#### WHAT IS NEEDED
Type out the whole listing again exactly, pictures omitted.

--- AVAILABLE DATA Enclosed Below ---

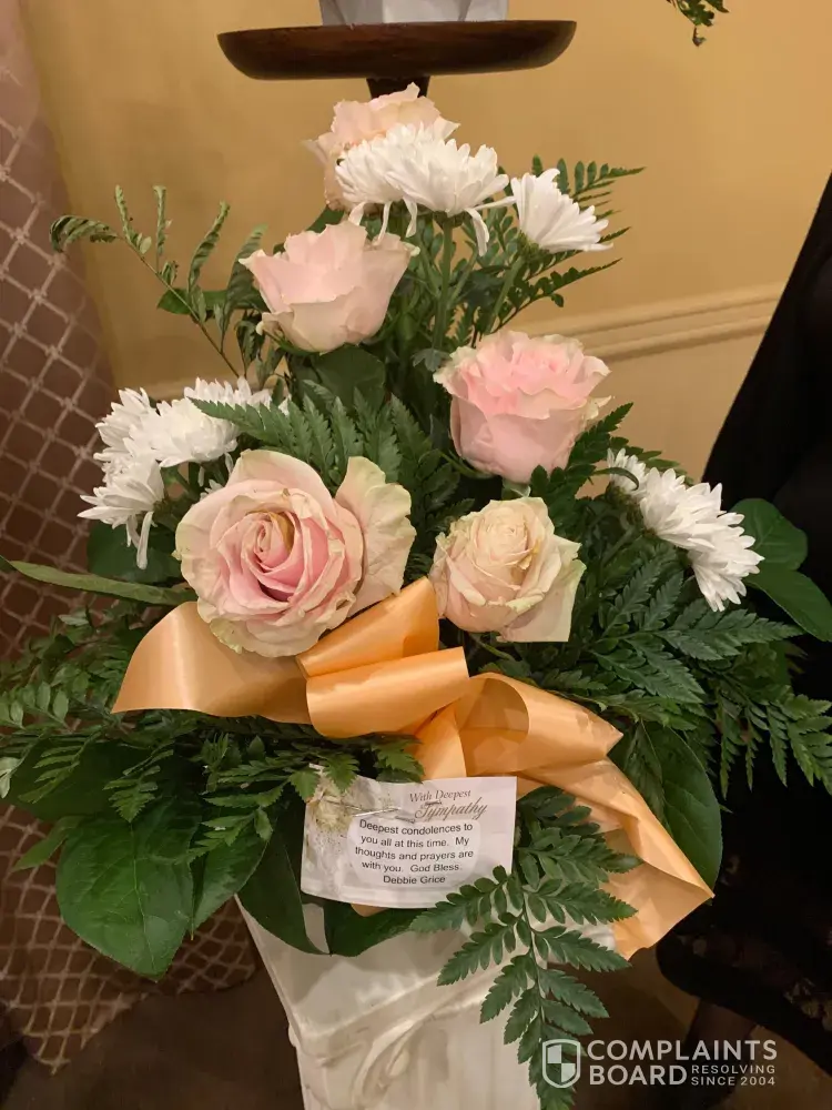 I am embarrassed, disappointed and disgusted at what was delivered to a funeral home! I wish I would have checked reviews before I did... Photos of 'what should have been' and 'what was'. And they are standing by their claim that the flowers sent were of a higher quality and there were more roses than the picture, etc. No refund is offered unless I bring them back. Yeah ok!
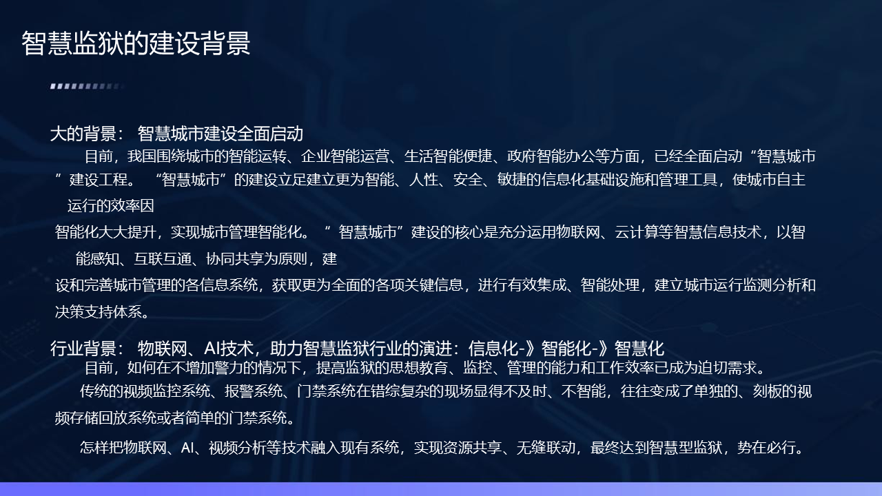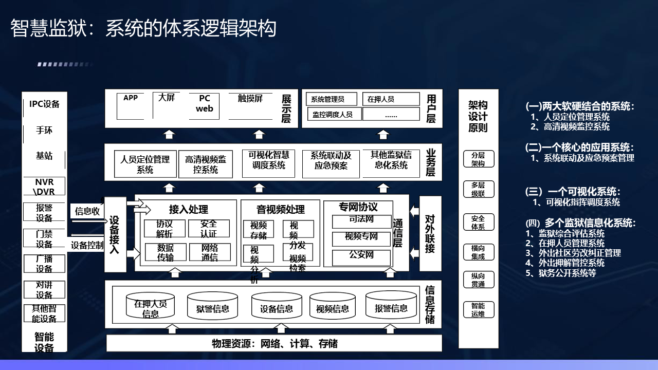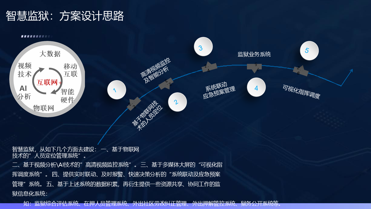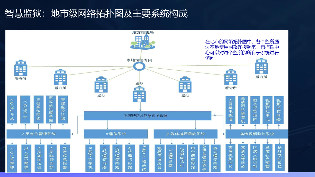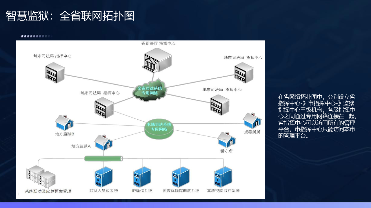 “智慧监狱”以监控图像资源、物联网感知信息为核 心,实现周界报警、高压电网、紧急报警、巡更、门禁、 对讲、会见录音等各类安防信息。 另外辅以狱政管理、教育改造、劳动改造、狱内侦查、 生活卫生、综合治理等业务信息的全面集成、整合。 还需以“三级警戒架构”为核心,打造省指挥中心-》 市指挥中心-》监狱指挥中心的三级组织形式,综合应用 平台可以做到各类资源协同共享、应急指挥、综合信息 研判和辅助决策。
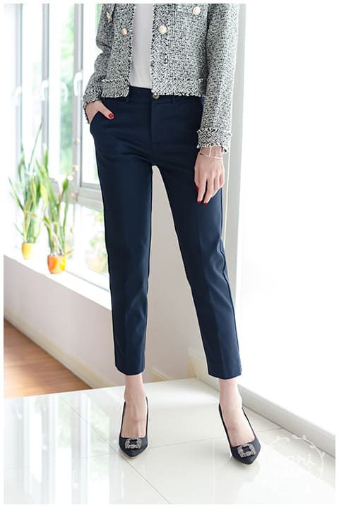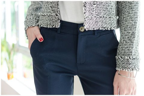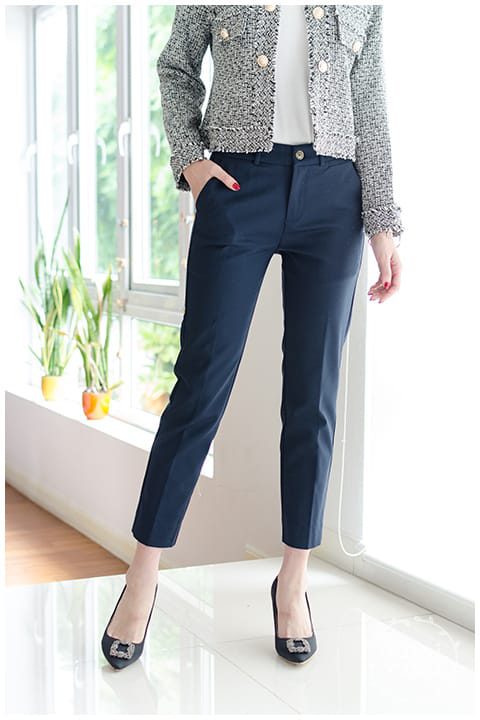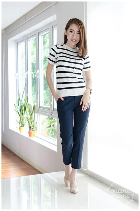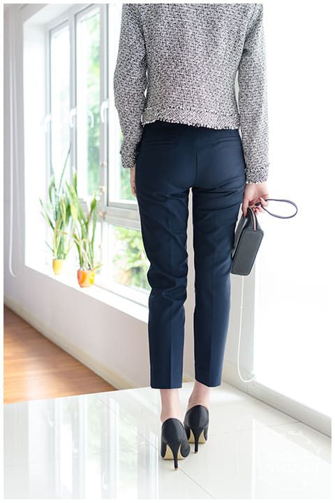 กางเกงขายาว 9 ส่วน ผ้าเนื้อดีสุดๆ เนื้อหนา ผ้า Polyester ผสม Viscose Elastanne ยืดนิดๆ ด้านหน้ามีกระเป๋าจริง ด้านหลังแต่งกระเป๋าหลอก เอวกลางๆ ใส่ขึ้นมาจะอยู่ประมาณใต้สะดือนิดหน่อย ใส่สบายมาก ทรงสวยค่า

--- End of Enclosed AVAILABLE DATA ---

#### ANSWER AREA
 I am embarrassed, disappointed and disgusted at what was delivered to a funeral home! I wish I would have checked reviews before I did... Photos of 'what should have been' and 'what was'. And they are standing by their claim that the flowers sent were of a higher quality and there were more roses than the picture, etc. No refund is offered unless I bring them back. Yeah ok!
 “智慧监狱”以监控图像资源、物联网感知信息为核 心,实现周界报警、高压电网、紧急报警、巡更、门禁、 对讲、会见录音等各类安防信息。 另外辅以狱政管理、教育改造、劳动改造、狱内侦查、 生活卫生、综合治理等业务信息的全面集成、整合。 还需以“三级警戒架构”为核心,打造省指挥中心-》 市指挥中心-》监狱指挥中心的三级组织形式,综合应用 平台可以做到各类资源协同共享、应急指挥、综合信息 研判和辅助决策。
 กางเกงขายาว 9 ส่วน ผ้าเนื้อดีสุดๆ เนื้อหนา ผ้า Polyester ผสม Viscose Elastanne ยืดนิดๆ ด้านหน้ามีกระเป๋าจริง ด้านหลังแต่งกระเป๋าหลอก เอวกลางๆ ใส่ขึ้นมาจะอยู่ประมาณใต้สะดือนิดหน่อย ใส่สบายมาก ทรงสวยค่า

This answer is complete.